Le contribuable se prévalait, en matière de fiscalité de la prestation compensatoire, de dispositions qui seraient contraires aux principes d’égalité devant la loi et devant les charges publiques.

En effet, en application du paragraphe II de l’article 199 octodecies du CGI, lorsque la prestation compensatoire prend la forme d’un capital versé dans un délai inférieur à douze mois à compter du divorce, complété par une rente, les versements en capital ne bénéficient pas de la réduction d’impôt prévue au paragraphe I de ce même article. Ces versements en capital ne peuvent pas davantage être déduits du revenu imposable sur le fondement du 2° du paragraphe II de l’article 156 du même code. Or, toutes les autres modalités de versement de cette prestation permettent à son débiteur de bénéficier, sur l’intégralité des sommes versées, de l’un ou l’autre de ces avantages fiscaux.

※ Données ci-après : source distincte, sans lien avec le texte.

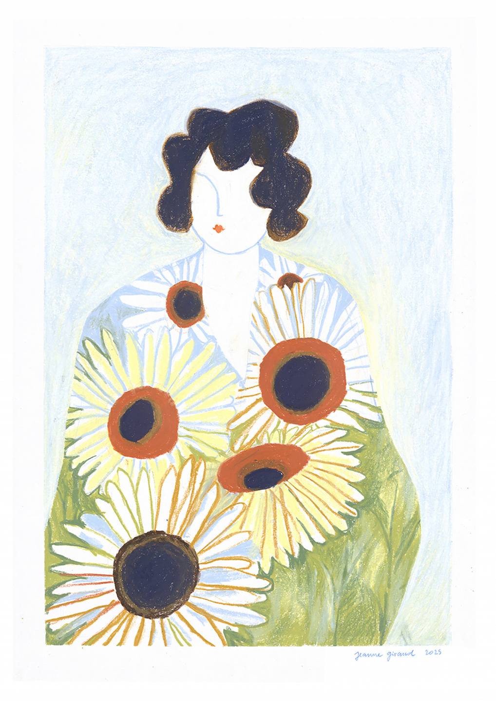 Cette œuvre met en scène une silhouette féminine drapée dans un kimono fleuri, motif récurrent dans le travail de Jeanne Giraud. À travers le pastel gras, l’artiste joue avec les motifs et les couleurs pour mêler le corps et le décor, brouiller les frontières entre figure et ornement. L’image devient tableau vivant, célébration de la couleur et du textile, à la fois graphique et poétique.
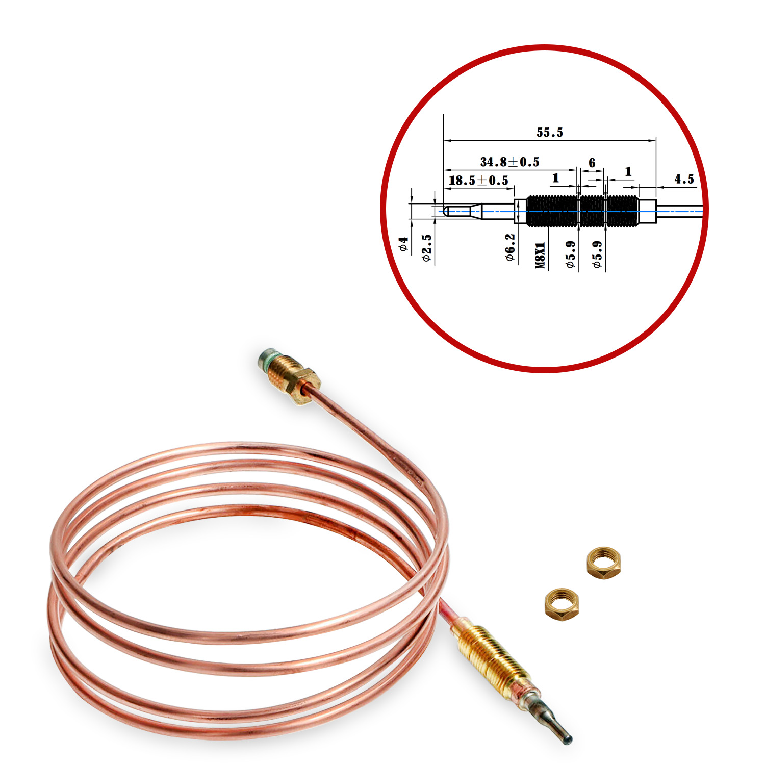 Termopar para vitrocerámica conexión magnética con tuercas de ajuste longitud 1200 mm adaptable Whirlpool indesit codigos C0028639 - 482000026130
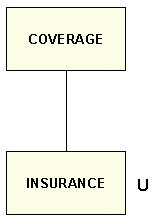 The diagram below depicts the server representation of the diagram in Set-Based Relationships that uses the CALC field method. The server interprets COVERAGE as the parent segment and INSURANCE-PLAN as the descendant. Since the DUPLICATES parameter is set to N (CLCDUP=N), the INSURANCE segment is unique.
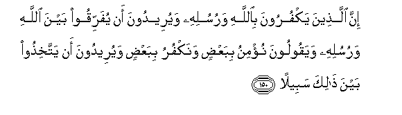 150. Inna allatheena yakfuroona biAllahi warusulihi wayureedoona an yufarriqoo bayna Allahi warusulihi wayaqooloona nu/minu bibaAAdin wanakfuru bibaAAdin wayureedoona an yattakhithoo bayna thalika sabeelan

Le Conseil Constitutionnel a en effet constaté que tous les versements effectués en exécution d’une prestation compensatoire bénéficient d’un avantage fiscal, exceptés les versements en capital effectués sur une période inférieure à douze mois lorsqu’ils s’accompagnent d’une rente.

S’il souligne qu’« en excluant du bénéfice de la réduction d’impôt les versements en capital intervenus sur une période inférieure à douze mois lorsqu’ils s’accompagnent d’une rente, le législateur a entendu prévenir certaines pratiques d’optimisation fiscale »…​il constate que« le simple fait qu’un versement en capital dans un délai de douze mois s’accompagne d’une rente ne saurait suffire à identifier une stratégie d’optimisation fiscale dès lors que les modalités de versement d’une prestation compensatoire, qui dépendent de la situation financière des époux, sont soit déterminées par le juge en fonction de l’âge ou de l’état de santé du créancier, soit homologuées par lui en fonction du caractère équitable des droits et obligations des époux. »

Les sages en concluent :

« 14. Dès lors, en privant le débiteur d’une prestation compensatoire du bénéfice de la réduction d’impôt sur les versements en capital intervenus sur une durée inférieure à douze mois au seul motif que ces versements sont complétés d’une rente, le législateur ne s’est pas fondé sur des critères objectifs et rationnels en rapport avec l’objet de la loi. »

L’article 199 octodecies-II du CGI est déclaré contraire à la Constitution.